On November 22, 2019, Garland signed with KB Feronikeli of the Kosovo Basketball Superleague. He had 42 points in a game in December. He left the team later that month.

In February 2020, he joined Cupes de los Pepines of the Liga Nacional de Baloncesto in the Dominican Republic.

=== Statistics ===
Cited from RealGM.

| Year | Team | GP | GS | MPG | FG% | 3P% | FT% | RPG | APG | SPG | BPG | PPG |
|---|---|---|---|---|---|---|---|---|---|---|---|---|
| 2014–15 | Mississauga Power | 16 | 12 | 27.7 | .387 | .316 | .717 | 2.5 | 4.1 | 1.3 | 0.1 | 12.9 |
| Career |  | 16 | 12 | 27.7 | .387 | .316 | .717 | 2.5 | 4.1 | 1.3 | 0.1 | 12.9 |

== Personal life ==
As a freshman at Virginia Tech, Garland was named to the 2011 All-Atlantic Coast Conference (ACC) Academic Team along with Kyle Singler, Mason Plumlee, Ryan Kelly, and Tyler Zeller.
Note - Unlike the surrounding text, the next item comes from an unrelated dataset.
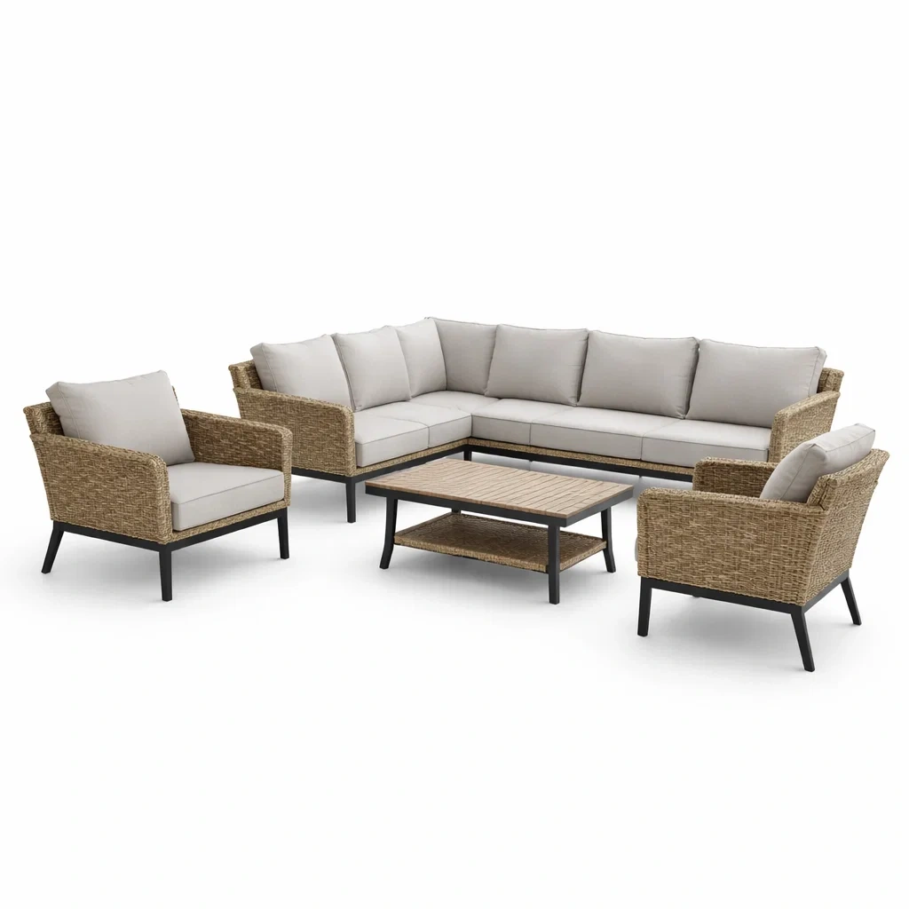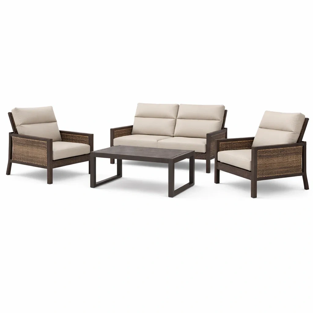 Set di divani da giardino in metallo e rattan sintetico beige

He earned a grade-point average of above 3.00 for the previous semester and maintained it as a cumulative average through his academic career. He was also one of 2,835 student-athletes recognized by the ACC on its 2010–11 Academic Honor Roll. Garland majored in university studies at Virginia Tech, but majored in sociology at La Salle University. He recalled the final months of his senior year at La Salle, saying, "I was really focused on graduating school and locking down my grades for graduation. I was focused on the next step, but I had to graduate school. That degree is very big to me. I told my mom I was going to graduate college and I just wanted to put that smile on her face".
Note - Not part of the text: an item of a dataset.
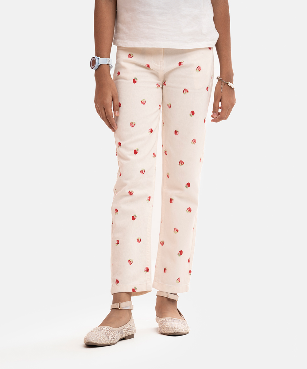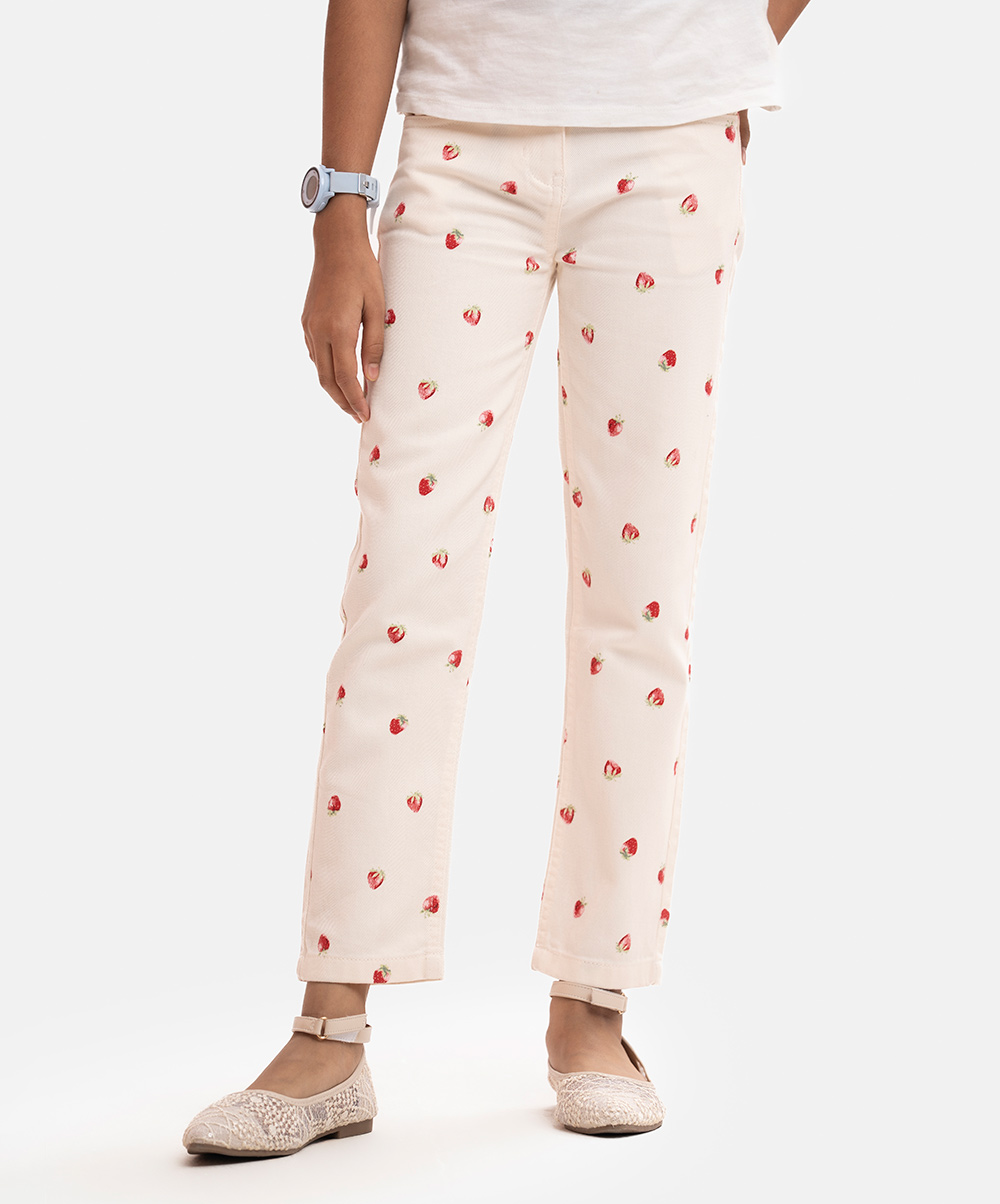 Kid girls’ printed woven long pants in twill cotton-blend fabric. Classic four-pocket styling with a zip fly.

In the summer of 2015, Garland participated in The Basketball Tournament (TBT), a five-on-five, single-elimination basketball tournament in which the winner out of the 96 teams wins a total of $1 million. He competed for a team made up of former La Salle men's basketball players, called 20th & Olney, reuniting with Ramon Galloway, Steve Zack, and Tyreek Duren. Explorers video coordinator Andrew McGlynn, who acted as the team's general manager and coach, said, "The main reason [for entering] is how close the program is here. [Coach Dr. John Giannini] has done such a good job of making it a family atmosphere around here". Garland was one of 50 players with NBL Canada experience that were playing in TBT. On July 18, 2015, at Philadelphia University, he debuted with 22 points in a win over Max's All Stars, a team led by Dominique Jones. 20th & Olney lost in the next round to Boeheim's Army, which was led by Hakim Warrick and Olu Famutimi, as Garland notched 21 points.

New York Knicks guard Mikal Bridges, who played at Villanova, is Garland's second cousin. Garland is a fan of Villanova basketball and roots for Bridges.